- Conference: Southeastern Conference
- Record: 16–17 (8–10 SEC)
- Head coach: Kevin Stallings (14th season);
- Assistant coaches: Brad Frederick; Tom Richardson; David Cason;
- Home arena: Memorial Gymnasium

= 2012–13 Vanderbilt Commodores men's basketball team =

American college basketball season

The 2012–13 Vanderbilt Commodores Men's Basketball Team represented Vanderbilt University in the 2012–13 college basketball season. The team's head coach was Kevin Stallings, in his fourteenth season at Vanderbilt. The team plays their home games at Memorial Gymnasium in Nashville, Tennessee, as a member of the Southeastern Conference.

==Previous season==
After a 21–10 regular season that fell short of lofty preseason expectations, the Commodores captured their first SEC tournament championship in 61 seasons on March 11, 2012, by defeating top-ranked Kentucky in the SEC Tournament finals. The Commodores advanced to their third consecutive NCAA tournament where they defeated Harvard in the second round before falling the third round to Wisconsin to finish the season 25–11.

===Departures===
Vanderbilt suffered devastating personnel losses after the 2011–12 season; of their six leading scorers, five graduated and the other declared for the 2012 NBA draft. In all, the Commodores lost 88.1% of their scoring from 2011 to 2012. Also, the Commodores' returning players had started a total of three games in the 2011–12 season. Of the 14 SEC teams in the 2012–13 season, Vanderbilt was one of only three that did not return a player who averaged double figures in points in the previous season, and the only team that returned fewer starts was Kentucky, which did not return a single player who had started a game in 2011–12.
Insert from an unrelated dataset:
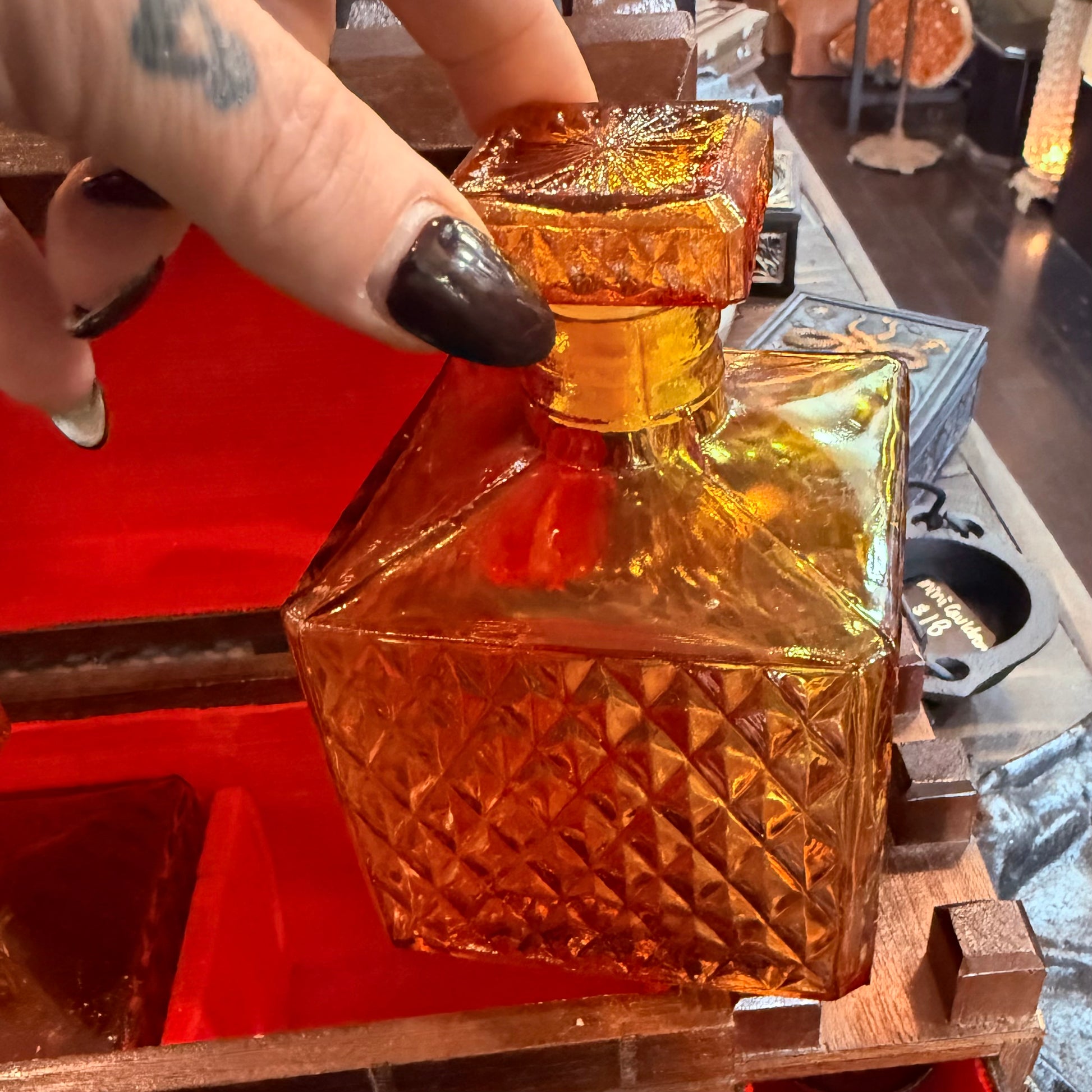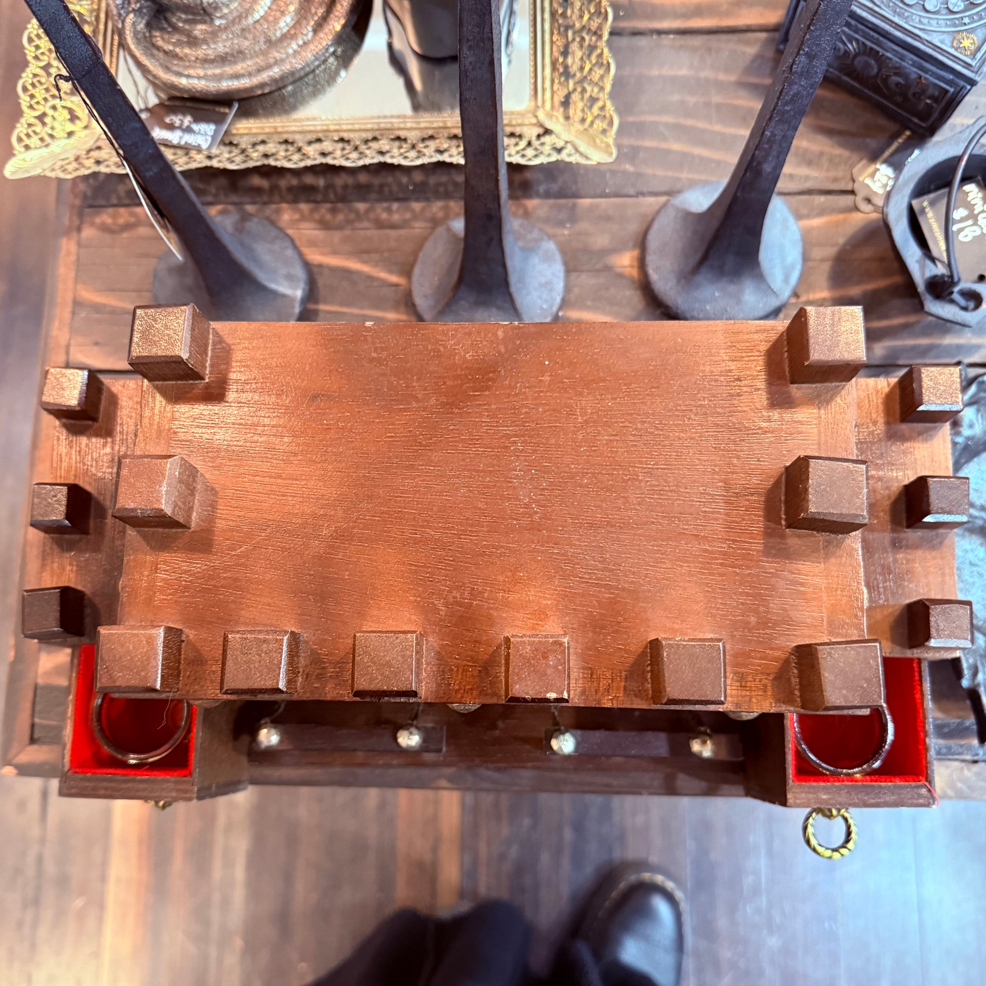 Vintage dark wood castle decanter set in great condition, complete with 4 shot glasses. Two decanters tuck inside wooden castle, it all closes up and hides away! Measures approx 12” wide.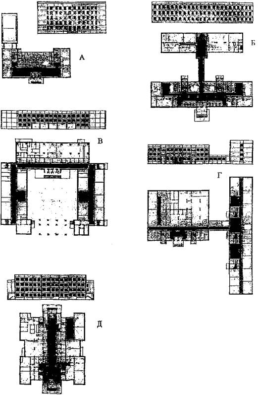 2.4. МЕТОДИКА ФОРМИРОВАНИЯ ФУНКЦИОНАЛЬНОЙ И ОБЪЕМНО-ПЛАНИРОВОЧНОЙ СТРУКТУР БЛОКОВ-ПРИСТРОЕК К СУЩЕСТВУЮЩИМ ЗДАНИЯМ ОБЩЕОБРАЗОВАТЕЛЬНЫХ ШКОЛ, ТРЕБОВАНИЯ К АРХИТЕКТУРНЫМ И КОНСТРУКТИВНЫМ РЕШЕНИЯМ И ИНЖЕНЕРНОМУ ОБОРУДОВАНИЮ2.4.1. Функциональное зонирование блоков-пристроек и связь различных групп помещений должны соответствовать требованиям, предъявляемым к зданиям общеобразовательных школ, кроме того, архитектурно-планировочное решение должно обеспечивать удобную связь помещений блока с основным зданием. При этом связующий элемент должен быть спроектирован так, чтобы блок примыкал непосредственно к требуемой функциональной зоне основного здания. Необходимо исключать образование «проходных зон», в которых могут пересекаться различные возрастные группы учащихся. Например, блок начальных классов должен примыкать к основному зданию, минуя учебные помещения основной и старшей школы. Учебные блоки старших классов должны примыкать к зоне учебных помещений старшей школы или к зоне общешкольных помещений в основном здании. 2.4.2. Особенность формирования объемно-планировочной структуры блоков-пристроек состоит в том, что блок должен проектироваться с учетом его примыкания к существующему зданию. Объем блока не должен затенять фронт окон, особенно учебных помещений, перекрывать подходы к основному зданию, образовывать с его объемом глухие замкнутые пространства, узкие щелевые проходы и т.д. Вместе с тем, объемно-планировочное решение блока-пристройки должно обеспечивать полноценное функционирование всех размещенных в нем групп помещений. 2.4.3. При выборе варианта примыкания блока к существующему зданию школы необходимо исключать затенение одним объемом другого и обеспечивать нормативную инсоляцию учебных помещений и освещенность. Необходимо учитывать, что в школах типа МЮ, 65-426/1 и V-76 учебные помещения ориентированы на три стороны света: западную, южную и восточную, и предпочтение отдавать примыканию блоков-пристроек к существующим зданиям в северовосточной зоне с ориентацией учебных помещений на юг и восток (рис. 10 - 14). В случае примыкания двух блоков-пристроек к существующему зданию школы в северо-западной зоне может размещаться блок общешкольных помещений. Комплекс пристроек в большинстве случаев следует располагать в северной зоне с ориентацией учебных помещений на восток и запад. Исключением могут являться здания школ типов И-1605А и И-1577А, где учебные помещения ориентированы на восток или восток и запад, следовательно, размещение пристроек возможно и в южной зоне. 2.4.4. Специфическим функциональным и объемно-планировочным элементом блоков-пристроек является стыковочный узел, соединяющий существующий и новый объемы. Здание школы и блок-пристройка могут соединяться, непосредственно друг к другу или посредством переходного элемента, представляющего собой самостоятельный объем. 2.4.5. Традиционно в качестве стыковочного узла в школьных комплексах употребляются переходы коридорного типа. Такой элемент служит своеобразным мостиком между двумя объемами и, как правило, проектируется на уровне второго и третьего этажей. В этих случаях под мостиком предусматривается проход или проезд в отсекаемую часть школьного участка или образуемый дворик. 2.4.6. Более предпочтительны стыковочные элементы в виде помещений с

In addition, for the second straight offseason, a Vanderbilt assistant accepted a Division I head coaching position. In the 2011 offseason, King Rice left to become the head coach at Monmouth. This offseason, Dan Muller returned to his alma mater of Illinois State. Stallings chose not to hire a new assistant. Previously, he had rotated the administrative role of director of basketball operations among his assistants. This season, he named former Commodores player Dan Cage as director of basketball operations and removed that role from his assistants.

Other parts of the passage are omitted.